• The problem: Give again, word for word, the lines below that run from the line with "Two men are" through the line with "сковороде — видео рецепт". Drop the pictures.

:: Data listing ::

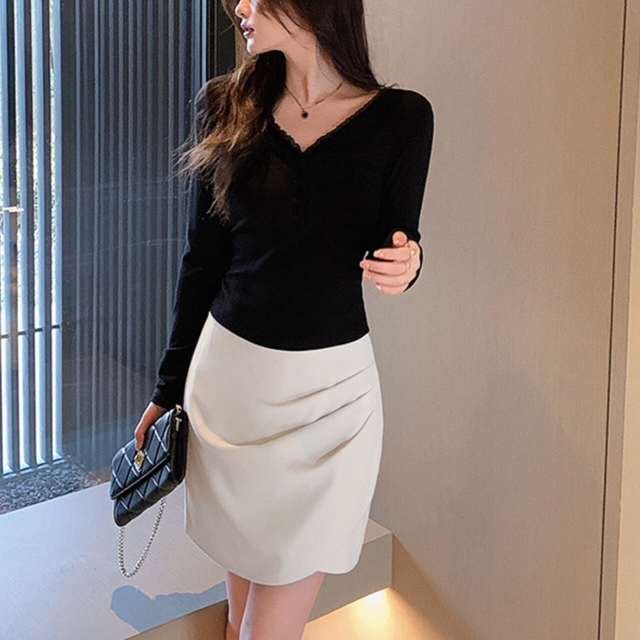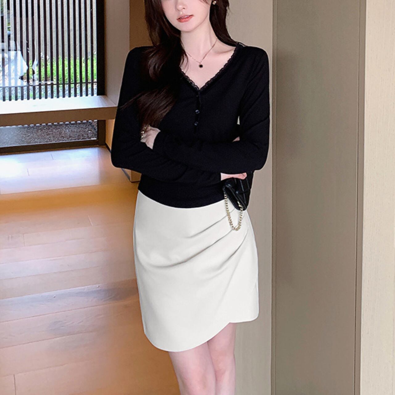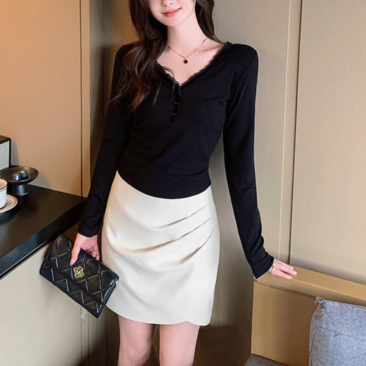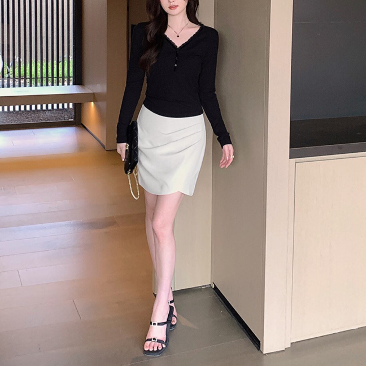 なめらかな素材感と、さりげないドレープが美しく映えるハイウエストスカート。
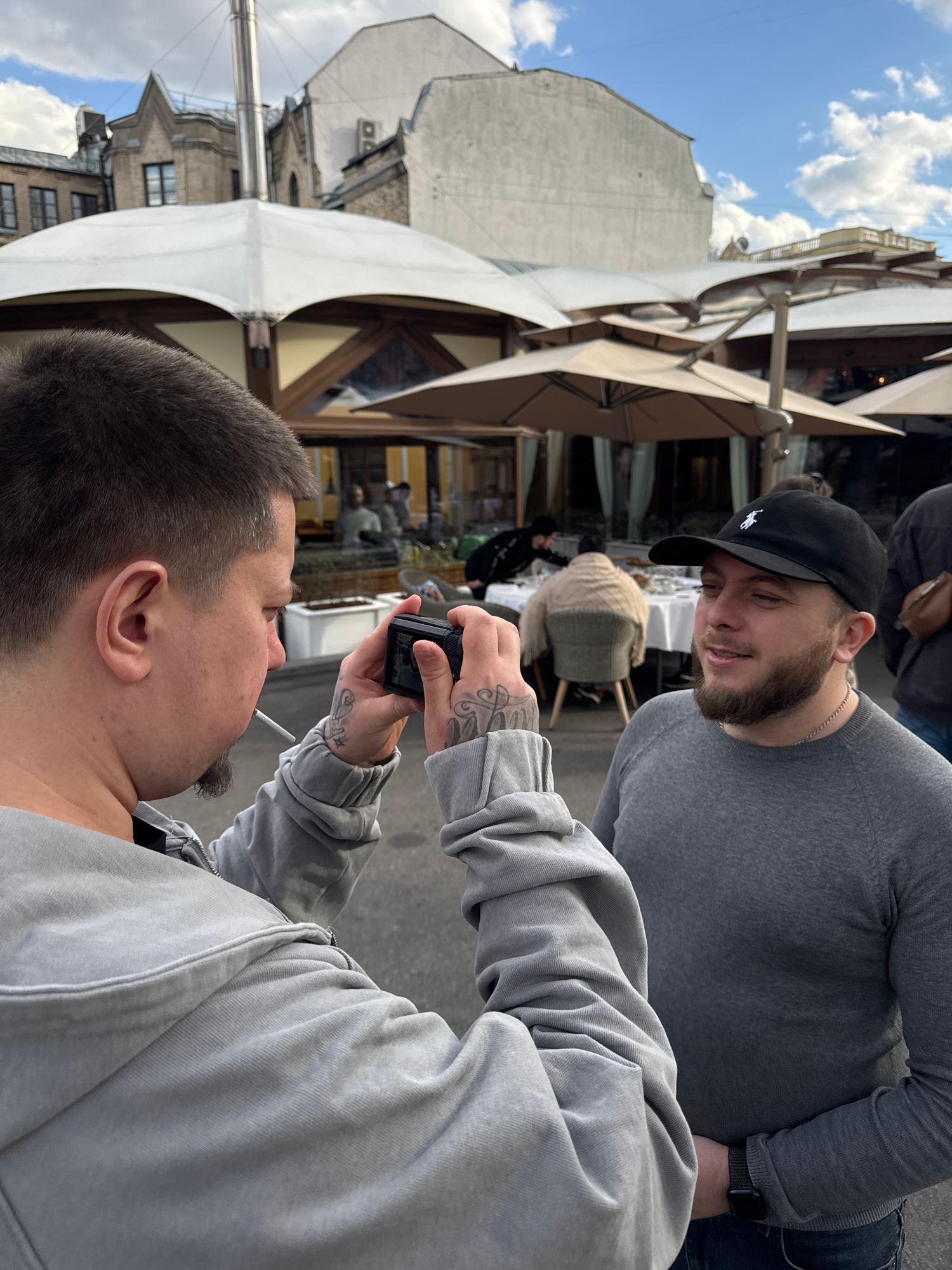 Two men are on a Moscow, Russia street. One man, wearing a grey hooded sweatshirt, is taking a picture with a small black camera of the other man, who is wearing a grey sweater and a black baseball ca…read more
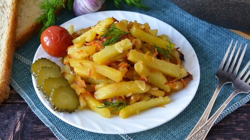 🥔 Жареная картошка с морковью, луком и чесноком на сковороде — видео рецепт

:::
:: Data listing ::

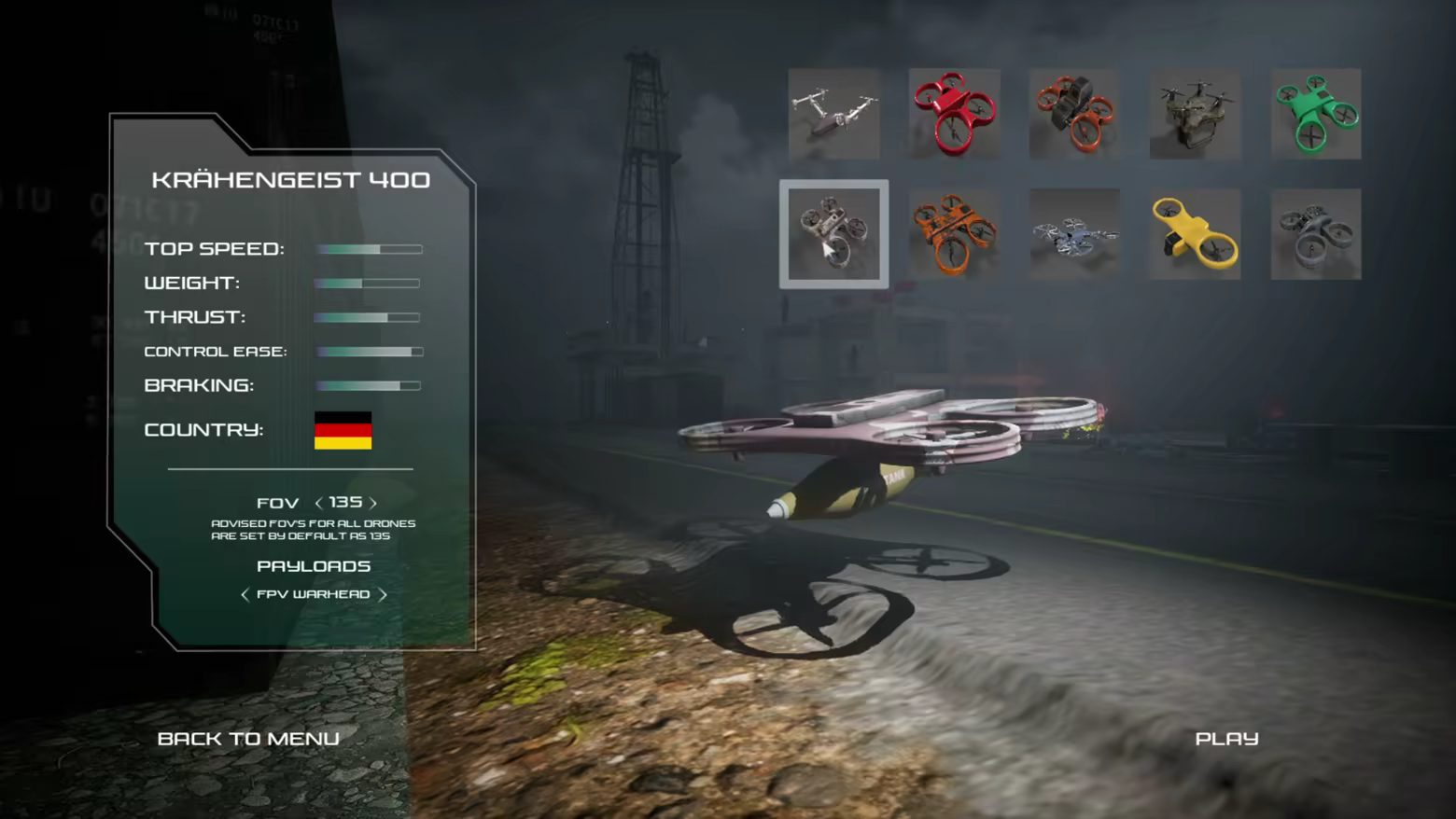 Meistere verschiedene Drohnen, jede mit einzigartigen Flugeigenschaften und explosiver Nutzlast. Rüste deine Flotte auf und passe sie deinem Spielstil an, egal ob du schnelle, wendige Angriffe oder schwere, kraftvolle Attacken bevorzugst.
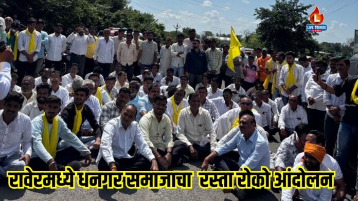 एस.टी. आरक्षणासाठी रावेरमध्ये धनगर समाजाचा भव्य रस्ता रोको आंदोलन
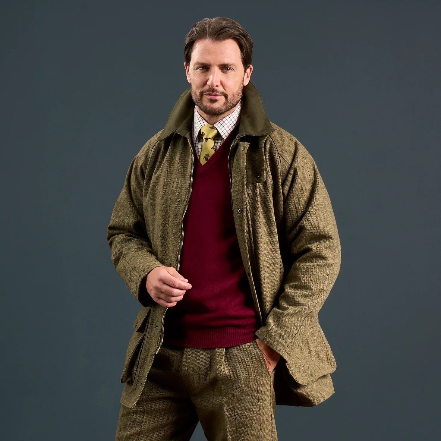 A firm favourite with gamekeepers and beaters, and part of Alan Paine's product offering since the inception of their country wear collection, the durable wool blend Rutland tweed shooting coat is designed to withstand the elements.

:::

• Task solution:
 Two men are on a Moscow, Russia street. One man, wearing a grey hooded sweatshirt, is taking a picture with a small black camera of the other man, who is wearing a grey sweater and a black baseball ca…read more
 🥔 Жареная картошка с морковью, луком и чесноком на сковороде — видео рецепт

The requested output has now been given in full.